→ **What needs to be done**:
Leave the pictures out and reproduce all the entries word for word.

→ **Information provided**:
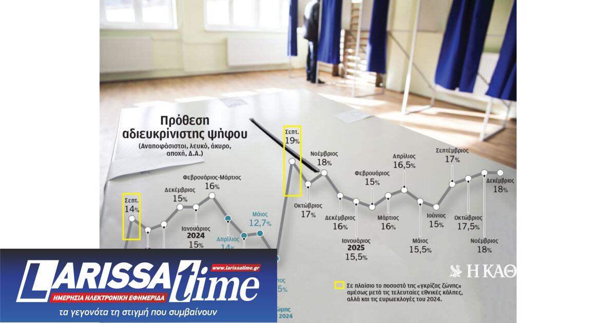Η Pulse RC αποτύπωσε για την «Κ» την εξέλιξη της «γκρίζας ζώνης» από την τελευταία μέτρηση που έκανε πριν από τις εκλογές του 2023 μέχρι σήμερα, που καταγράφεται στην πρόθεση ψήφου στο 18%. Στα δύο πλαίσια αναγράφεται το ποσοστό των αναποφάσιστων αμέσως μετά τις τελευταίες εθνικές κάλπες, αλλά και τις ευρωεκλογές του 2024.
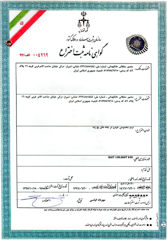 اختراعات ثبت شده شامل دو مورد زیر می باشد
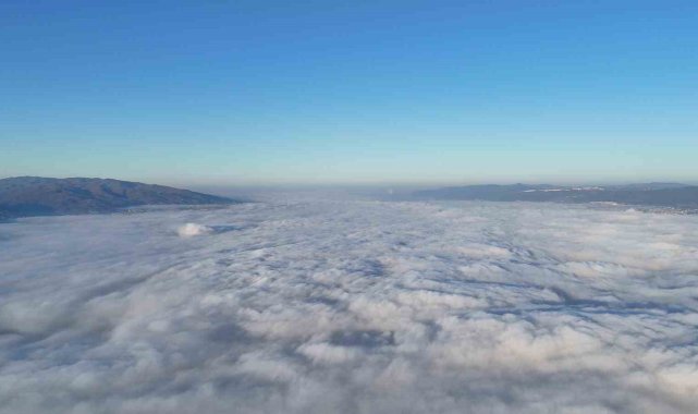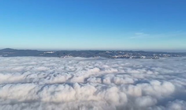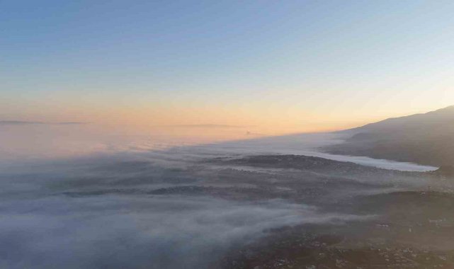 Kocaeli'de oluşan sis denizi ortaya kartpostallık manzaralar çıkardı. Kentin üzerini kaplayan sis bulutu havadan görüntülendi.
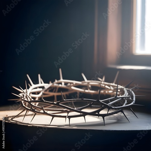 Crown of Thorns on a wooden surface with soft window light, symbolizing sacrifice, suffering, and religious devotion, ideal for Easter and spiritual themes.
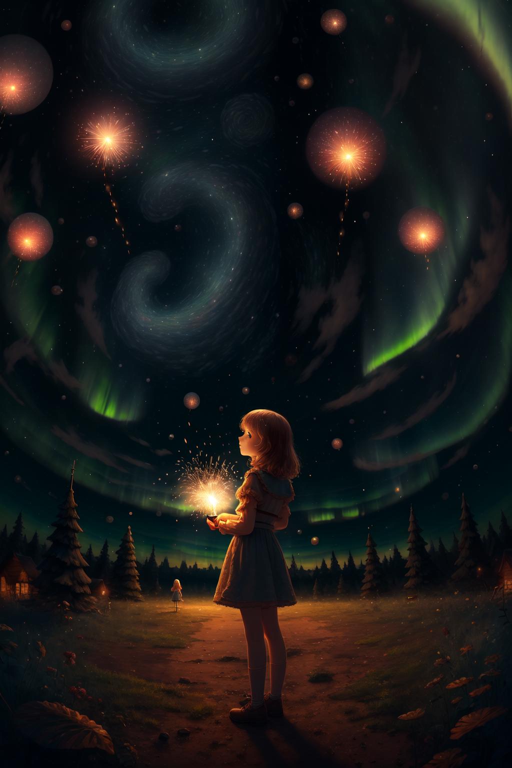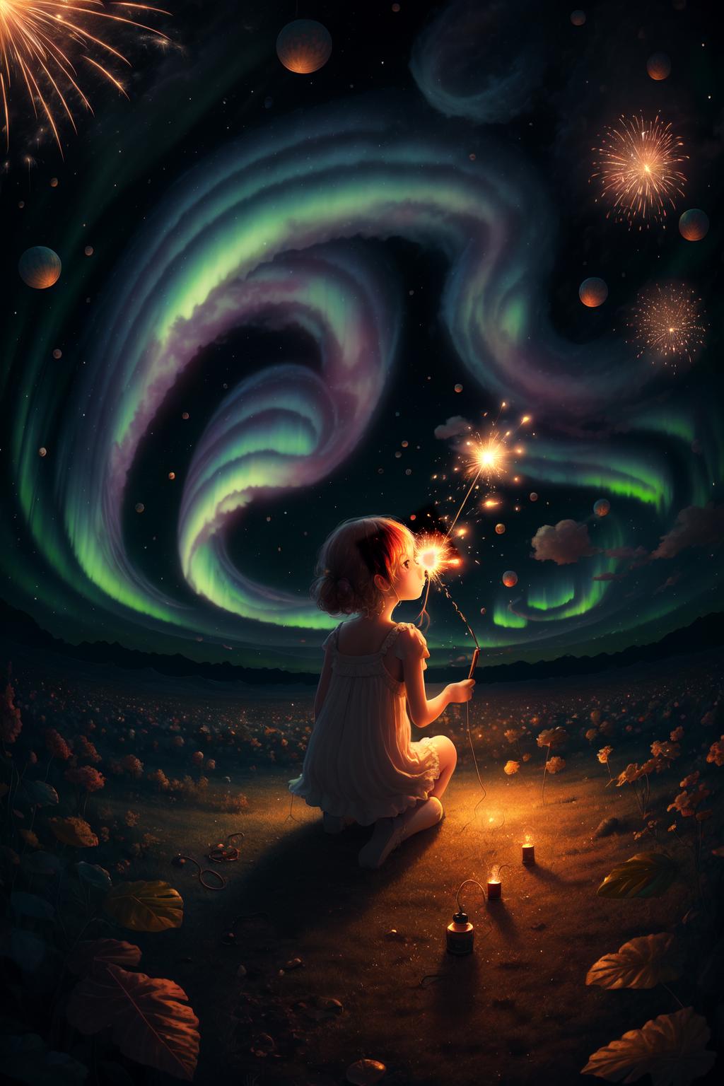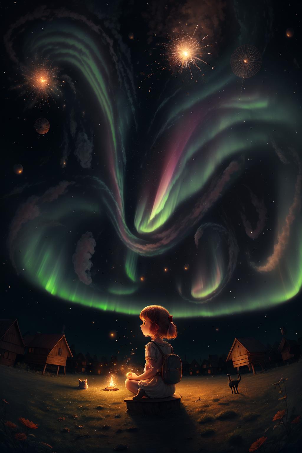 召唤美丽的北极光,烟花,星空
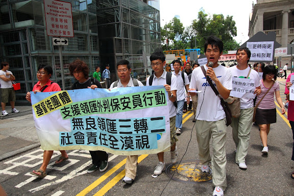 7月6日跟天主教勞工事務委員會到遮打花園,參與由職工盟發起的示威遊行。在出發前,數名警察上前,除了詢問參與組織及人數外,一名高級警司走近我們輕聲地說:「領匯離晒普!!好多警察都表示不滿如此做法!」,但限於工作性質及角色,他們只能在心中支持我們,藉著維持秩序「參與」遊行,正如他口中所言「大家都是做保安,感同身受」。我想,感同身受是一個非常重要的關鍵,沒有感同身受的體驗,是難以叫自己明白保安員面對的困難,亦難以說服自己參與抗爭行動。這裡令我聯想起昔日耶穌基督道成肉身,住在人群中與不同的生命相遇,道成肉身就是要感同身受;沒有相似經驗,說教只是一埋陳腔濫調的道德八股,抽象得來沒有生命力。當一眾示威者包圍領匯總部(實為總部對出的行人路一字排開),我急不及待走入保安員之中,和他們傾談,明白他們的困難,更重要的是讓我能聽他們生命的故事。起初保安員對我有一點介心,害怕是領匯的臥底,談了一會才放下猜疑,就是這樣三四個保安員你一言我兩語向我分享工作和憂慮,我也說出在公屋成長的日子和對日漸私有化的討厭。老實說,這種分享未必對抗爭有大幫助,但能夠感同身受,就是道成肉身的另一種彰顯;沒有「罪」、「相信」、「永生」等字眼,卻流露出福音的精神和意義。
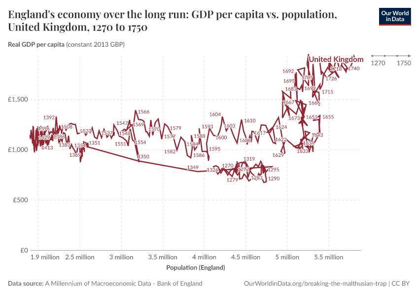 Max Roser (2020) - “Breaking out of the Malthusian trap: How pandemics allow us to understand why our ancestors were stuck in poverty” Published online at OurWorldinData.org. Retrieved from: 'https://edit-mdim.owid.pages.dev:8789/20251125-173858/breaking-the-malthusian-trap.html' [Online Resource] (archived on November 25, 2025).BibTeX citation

→ **Task solution**:
Η Pulse RC αποτύπωσε για την «Κ» την εξέλιξη της «γκρίζας ζώνης» από την τελευταία μέτρηση που έκανε πριν από τις εκλογές του 2023 μέχρι σήμερα, που καταγράφεται στην πρόθεση ψήφου στο 18%. Στα δύο πλαίσια αναγράφεται το ποσοστό των αναποφάσιστων αμέσως μετά τις τελευταίες εθνικές κάλπες, αλλά και τις ευρωεκλογές του 2024.
 اختراعات ثبت شده شامل دو مورد زیر می باشد
 Kocaeli'de oluşan sis denizi ortaya kartpostallık manzaralar çıkardı. Kentin üzerini kaplayan sis bulutu havadan görüntülendi.
 Crown of Thorns on a wooden surface with soft window light, symbolizing sacrifice, suffering, and religious devotion, ideal for Easter and spiritual themes.
 召唤美丽的北极光,烟花,星空
 7月6日跟天主教勞工事務委員會到遮打花園,參與由職工盟發起的示威遊行。在出發前,數名警察上前,除了詢問參與組織及人數外,一名高級警司走近我們輕聲地說:「領匯離晒普!!好多警察都表示不滿如此做法!」,但限於工作性質及角色,他們只能在心中支持我們,藉著維持秩序「參與」遊行,正如他口中所言「大家都是做保安,感同身受」。我想,感同身受是一個非常重要的關鍵,沒有感同身受的體驗,是難以叫自己明白保安員面對的困難,亦難以說服自己參與抗爭行動。這裡令我聯想起昔日耶穌基督道成肉身,住在人群中與不同的生命相遇,道成肉身就是要感同身受;沒有相似經驗,說教只是一埋陳腔濫調的道德八股,抽象得來沒有生命力。當一眾示威者包圍領匯總部(實為總部對出的行人路一字排開),我急不及待走入保安員之中,和他們傾談,明白他們的困難,更重要的是讓我能聽他們生命的故事。起初保安員對我有一點介心,害怕是領匯的臥底,談了一會才放下猜疑,就是這樣三四個保安員你一言我兩語向我分享工作和憂慮,我也說出在公屋成長的日子和對日漸私有化的討厭。老實說,這種分享未必對抗爭有大幫助,但能夠感同身受,就是道成肉身的另一種彰顯;沒有「罪」、「相信」、「永生」等字眼,卻流露出福音的精神和意義。
 Max Roser (2020) - “Breaking out of the Malthusian trap: How pandemics allow us to understand why our ancestors were stuck in poverty” Published online at OurWorldinData.org. Retrieved from: 'https://edit-mdim.owid.pages.dev:8789/20251125-173858/breaking-the-malthusian-trap.html' [Online Resource] (archived on November 25, 2025).BibTeX citation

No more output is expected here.